Lisa Graves, executive director of the Center for Media and Democracy,
which issued a recent report on SPN,
said that the local identity of the network's members belied a larger
purpose. "They appear to be advocating purely local interests but what
they are promoting is part of a larger national template to radically
remake our government in a way that undermines public institutions and
the rights of workers," she said.
The SPN said that its
co-ordinating role was justified because local and state issues were
increasingly impinging on national politics. "There's no mystery here,"
Sharp said. "The whole idea of a state policy network is that individual
thinktanks can be in communication, share best practices and analysis,
and combine their efforts when they see a benefit from doing so."
Some
of the grant bids to Searle focus specifically on prominent local
politicians the thinktanks hope to influence. The grant bid that
emanated from New Jersey, from the Common Sense Institute
(CISNJ), another tax-exempt "research and education organization",
floats the idea of a campaign to support the efforts of the Republican
governor Chris Christie in ending the ability of public employees to
claim untaken sick days and vacation leave in their retirement packages.
"Governor
Chris Christie has been waging a war to eliminate this practice; and
CSINJ would like to provide ammunition," the proposal says. The
thinktank plans to produce a "research study" which it would call
"Busting the Boat Checks" – an allusion to the phrase Christie uses to
denote the watercraft retirees are claimed to buy on the back of sick
and holiday leave payments.
The institute conceives a "media campaign" with its aim being the "full elimination of unused sick and vacation leave payouts".
"We believe our study can be used to sway public sentiment further and be used as a brandisher for reform in Trenton," it says.
CSINJ's president, Jerry Cantrell, denied that the grant bid involved any element of lobbying, insisting instead that his group was providing a service that in the past might have been done by the decimated local media.

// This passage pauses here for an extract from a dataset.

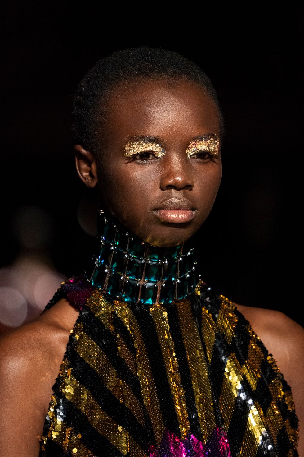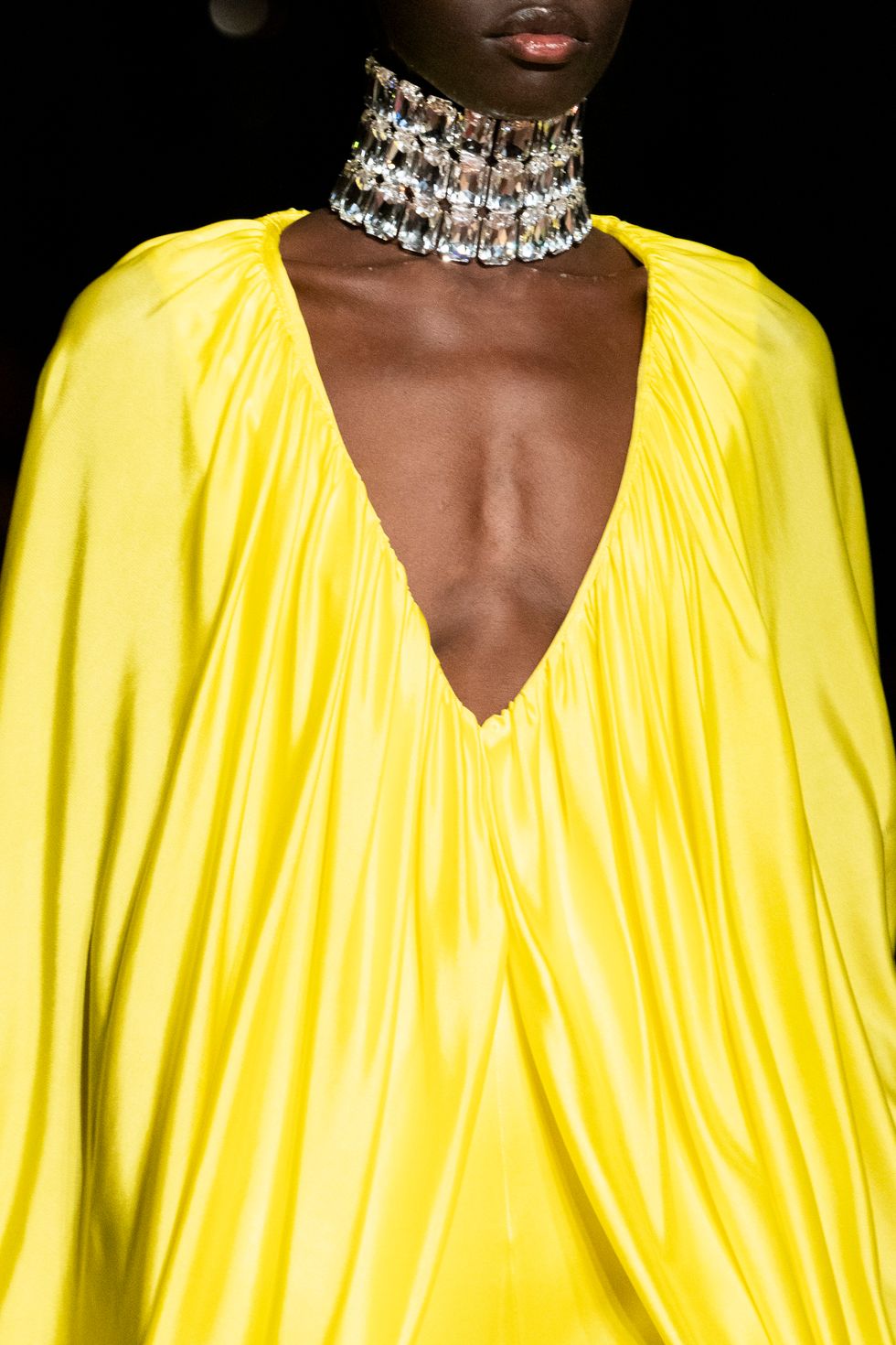 Some of the most dramatic pieces of the collection were the thick crystal chokers that covered the models' entire necks. Some were used as an added extension to dresses while others were worn as solo accessories that amped up an already super glam collection.

"CSINJ is an education organization focused
on providing the public with facts and the truth. We don't represent
any interest besides the folks who are burdened by this practice – the
taxpayers," he said.
He said the proposal was focused on the
"abusive practice of accumulating sick or vacation day payments over an
entire career and using them as retirement bonus. We've seen too many
instances of high level individuals working out the door with
$500,000-$750,000 claiming to have never missed a day in 30 years of
employment."
The proposal from the Illinois Policy Institute for a
campaign to deal with Chicago's government worker pensions crisis by
switching to 401(k)-style retirement plans similarly focuses on a
politician – in this case Mayor Rahm Emanuel. The proposal says that
"Mayor Emanuel has privately expressed the need for 401(k)-style changes
to truly achieve reform."
The institute plans to "leverage the leadership potential of Mayor
Emanuel … as the spark for wider pension changes in Illinois." It adds
that "friendly legislators would be welcome to draft legislation
modelled on our policy work and work in tandem with Mayor Emanuel to
move it forward in the legislative process."
John Tillman, CEO of
the Illinois Policy Institute, told the Guardian that Emanuel had been
"an outspoken proponent of pension reform that includes moving to a
401(k)-style, defined contribution system." He saw no problem with the
lobbying that the think tank undertakes.
"We are not allowed to do
any campaigning or electioneering, and we don't. We are allowed to
spend a significant percentage of our expenditures on lobbying and we
are very proactive in lobbying for liberty-based policy, including the
urgently needed pension reform. We report our activities accordingly."